A milestone in Stargardt juvenile macular degeneration treatment
Denver, Colo.—Stargardt disease is a rare inherited eye disease that affects over 40,000 Americans. Usually, those afflicted with Stargardt disease start experiencing vision loss in childhood and those that don’t undergo any treatment become blind by age 50. One study presented this week at the 2022 Annual Meeting of the Association for Research in Vision and Ophthalmology (ARVO) in Denver, Colo. examines the safety and effectiveness of ALK-001 (C20-D3-Vitamin A) in its capability to delay or avert vision loss in Stargardt patients.
Hendrik P. Scholl, MD, MA, FARVO, and researchers from the Universität Basel Medizinische Fakultät and Institute of Molecular and Clinical Ophthalmology Basel in Switzerland and the Alkeus Pharmaceuticals and Columbia University Irving Medical Center in the U.S., were part of the Tolerability and Effects of ALK-001 on Stargardt Disease (TEASE) study. This was a two-year multicenter Phase 2 double-masked, randomized, and placebo-controlled clinical trial studying the investigational drug, ALK-001, and its effect on 50 patients with Stargardt Disease (STGD1) and “a well-delineated area of” retinal pigment epithelium (RPE). ALK-001 is a chemically altered vitamin A that blocks “the formation of toxic vitamin A clumps in the eye” and is taken as a daily pill. Vitamin A is an essential nutrient for vision, but during its processing by the eye, it can accumulate into toxic deposits. These toxic clumps build up rapidly in patients with STGD1, leading to retinal atrophy and eventually vision loss. ALK-001 might be a vitamin A replacement, but functions differently because it does not form clumps.
The 50 patients from seven centers in the U.S., age ranges from 18-60, were randomized and given a placebo during the first year then 50% of the placebo patients were randomly crossed over to ALK-001 in the second year of treatment. 74% of the cases had bilateral atrophic lesions with ~5 mm2 median area. Scholl and his team found that ALK-001 slowed the growth rate of retinal atrophy by approximately 30% per year. Patients also reported back that they tolerated ALK-001 well and with no harsh reactions.

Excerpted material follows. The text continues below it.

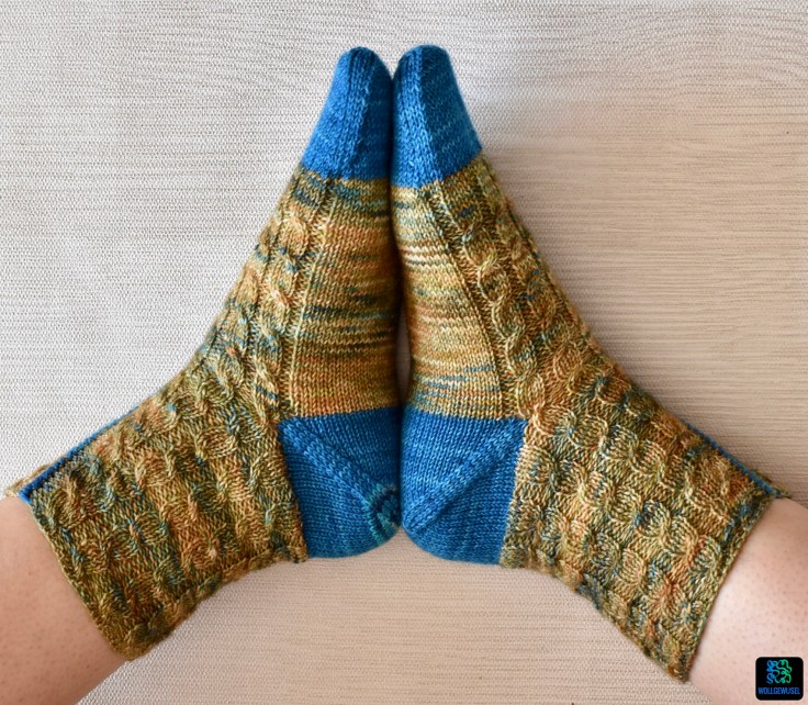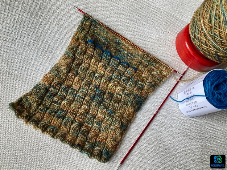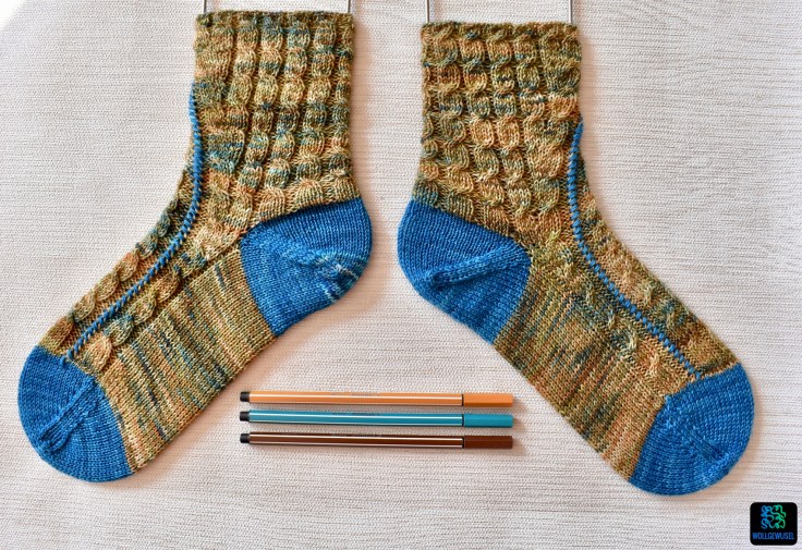 Als die Anleitung für diese Socken im Zuge der diesjähirgen Sockmadness in mein Postfast gespühlt wurde, schoss mir sofort eine Farbkombination in den Kopf. Ich hatte einen Strang Sockenwolle im Wollberg, den ich selbstgefärbt habe und auf den ich auch ein wenig stolz bin. Eine Mischung aus braun/ocker mit grünen und blauen Einschlägen. Dazu hatte ich kurz vorher einen Rest zurück in den Wollberg geräumt, nämlich den von meiner zweiten Schwiegermütze. Ein semisolides, handgefärbtes Sockengarn von FarbenReich (ohne Internetpräsenz) in Petrol. Während des Strickens musste ich mir dann noch einen zweiten, farblich passendes Rest suchen, weil mir ganz knapp vor Ende das Garn ausging. Das ist dann ein kleiner Rest Sockenwolle vom Mondschaf in der Farbe Totoro geworden. Aber dazu später mehr.

“The study showed that ALK-001 slowed the progression of Stargardt disease in its advanced stage, where many believed any slowing was nearly impossible,” said Dr. Scholl. “We are extremely excited to see such a positive effect in advanced-stage patients and look forward to studying the drug’s effects in earlier stages of Stargardt, where an even larger treatment effect could be expected." In addition, “the TEASE study is the only trail with both a statistically significant and clinically meaningful effect on the progression of Stargardt disease.”

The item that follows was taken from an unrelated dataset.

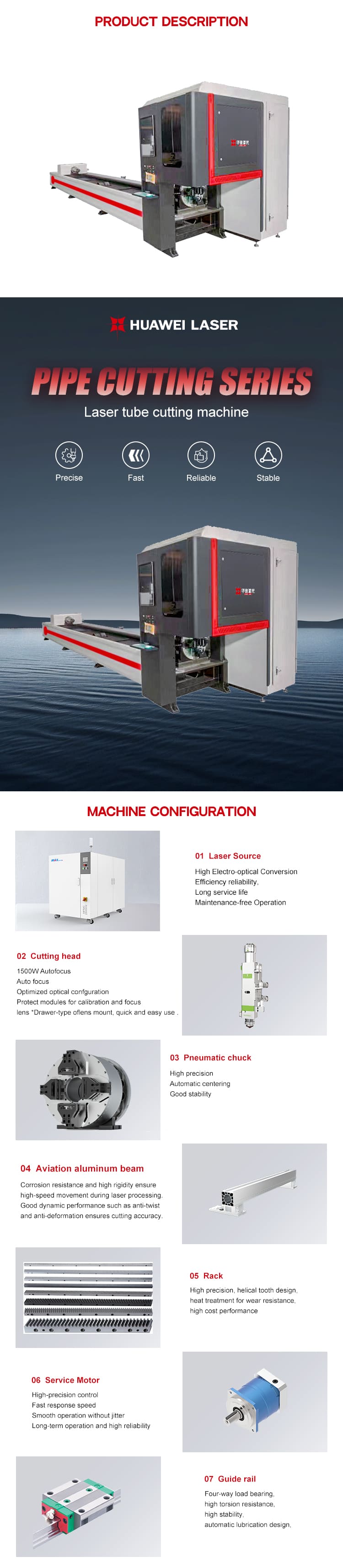 Wysoce precyzyjna maszyna do cięcia laserem światłowodowym z podwójnym uchwytem HUAWEI LASER 6000 W jest przeznaczona do wydajnej i dokładnej obróbki okrągłych, kwadratowych i nieregularnych rur metalowych. System podwójnego uchwytu zapewnia stabilne mocowanie, minimalne wibracje i precyzyjny obrót podczas cięcia z dużą prędkością. Wyposażona w wysokowydajne źródło lasera światłowodowego i inteligentne oprogramowanie sterujące, zapewnia czyste cięcia, gładkie krawędzie i doskonałą powtarzalność. Maszyna do cięcia laserem światłowodowym HUAWEI LASER z podwójnym uchwytem to zaawansowana ręczna spawarka laserowa, będąca alternatywą, zaprojektowaną specjalnie do wysokowydajnej obróbki rur i rurek. Wyposażony w podwójne uchwyty pneumatyczne zapewnia stabilne mocowanie, automatyczne centrowanie i precyzyjny obrót, zapewniając płynne i dokładne cięcie okrągłych, kwadratowych i nieregularnych rur metalowych. Źródło lasera światłowodowego o dużej mocy zapewnia dużą prędkość cięcia, czyste krawędzie i minimalne odkształcenia termiczne. Zaprojektowany z myślą o produkcji metali, produkcji mebli, sprzętu fitness i podzespołów samochodowych, system cięcia rur HUAWEI LASER zapewnia wyjątkową dokładność, niezawodność i produktywność w nowoczesnych zastosowaniach przemysłowych. Maszyna ta obsługuje automatyczny załadunek, zoptymalizowane ścieżki cięcia i szybkie przełączanie materiałów, dzięki czemu idealnie nadaje się do produkcji mebli, sprzętu fitness, rur konstrukcyjnych i niestandardowej produkcji metali. Zapewnia dużą niezawodność i stałą produktywność w zastosowaniach związanych z obróbką rur.

- Abstract title: ALK-001 (C20-D3-Vitamin A) slows the growth of atrophic lesions in ABCA4-related Stargardt Disease: Results of a Phase 2 placebo-controlled clinical trial (TEASE study)
- Presentation start/end time: Sunday, May 1, 12:49 – 1:06pm MT
- Location: Four Seasons Blrm 1 (Denver Convention Center)
- Also available on the virtual meeting site at https://arvo2022.arvo.org/ beginning May 11
- Abstract Number: 38
The Association for Research in Vision and Ophthalmology (ARVO) is the largest eye and vision research organization in the world. Members include approximately 10,000 eye and vision researchers from over 75 countries. ARVO advances research worldwide into understanding the visual system and preventing, treating and curing its disorders. Learn more at ARVO.org.
The 2022 ARVO Annual Meeting will take place in Denver, Colo. from May 1 – 4 and virtually May 11 - 12. The Meeting is the premiere gathering of nearly 10,000 eye and vision researchers from around the world. During the Meeting, 4,800 abstracts will be presented on the latest basic and translational research in eye and vision science.
All abstracts accepted for presentation at the ARVO Annual Meeting represent previously unpublished data and conclusions. This research may be proprietary or may have been submitted for journal publication. Embargo policy: Journalists must seek approval from the presenter(s) before reporting data from paper or poster presentations. Press releases or stories on information presented at the ARVO Annual Meeting may not be released or published until the following embargo dates:
- May 1: Official launch of presentations of all posters (both presented in-person and virtually)
- Rolling basis: Paper session, Symposia, Minisymposia, Cross-sectional Groups, and invited speaker sessions that have specific presentation times will be embargoed until the end of those individual time slots.